Sounds like your procedures are good and you've nothing to reproach yourself for. It's likely that these e-mails coming in are themselves Spam and can happily be disregarded.

But be careful if you're on ME or XP. I had a bug in the Restore cache that was detected by McAfee but I couldn't figure out how to delete the corrupted files because they were protected. I went the long way round in the end and booted with the recovery disk to a Command prompt and got rid of them that way.

What seems certain is that your address has been "harvested" (like mine) and is now being circulated amonst the low-life who like to waste their lives thinking up new ways to send Spam.

Klez is much smaller than 250 KB normally. But I suppose that it can be packaged in any size the perpetrators want. The minimum size of those I've received would be in the 10-20KB region.

Well sort of, fobotsco. The Klez virus does indeed harvest email adresses from the infected system. But it then uses them as spoofed 'from' addresses while trying to propagate itself. In other words, CFI just happened to be in the address book of someone else who IS infected.

To unitiated recipients, it appears that CFI has sent them the virus attachment when in fact it came from the (other) infected system. These complaints are not spam, just people reacting without knowing what's going on. You'll probably get some 'undeliverable mail' messages too.

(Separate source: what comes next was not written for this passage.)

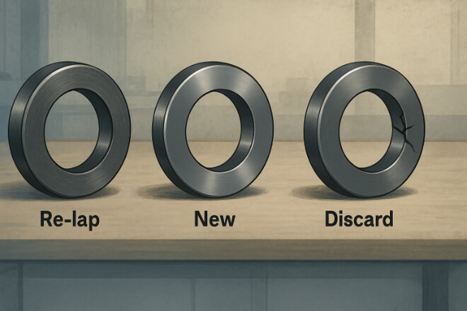 | Condition | Re-Lap? | Minor scratches, no cracks | Yes | Light wear, no distortion | Yes | Edge chipping or cracks | No | Corrosion or leaching signs | No | Urgent turnaround needed | Yes |

There's nothing you can do, the good news being that this is likely a one-shot and the 'noise' should go away in a couple of days.

As a courtesy you might want to reply to those who complained, explaining what Klez is and what it does (assuming you only got a few complaints - most folks nowadays protect themselves and/or recognize dodgy attachments). Point them to Symantec's Klez page.

Indeed PT, I wasn't implying that it was Klez that did the "harvesting". As you say, ones' e-mail address can be gathered from many sources and one of the favourites is other folks' address books.

I also get spammed a lot by senders using the scattergun approach using incremental alphabetical variations. They're fiendishly cunning these Chinese (and Taiwanese, and Koreans and Ukranians and...)

My son and I both potentially had the klez virus sent to us. Both were spotted by Norton, even when we were just deleting them from the server, without having downloaded them, using mailwasher - which is pretty good.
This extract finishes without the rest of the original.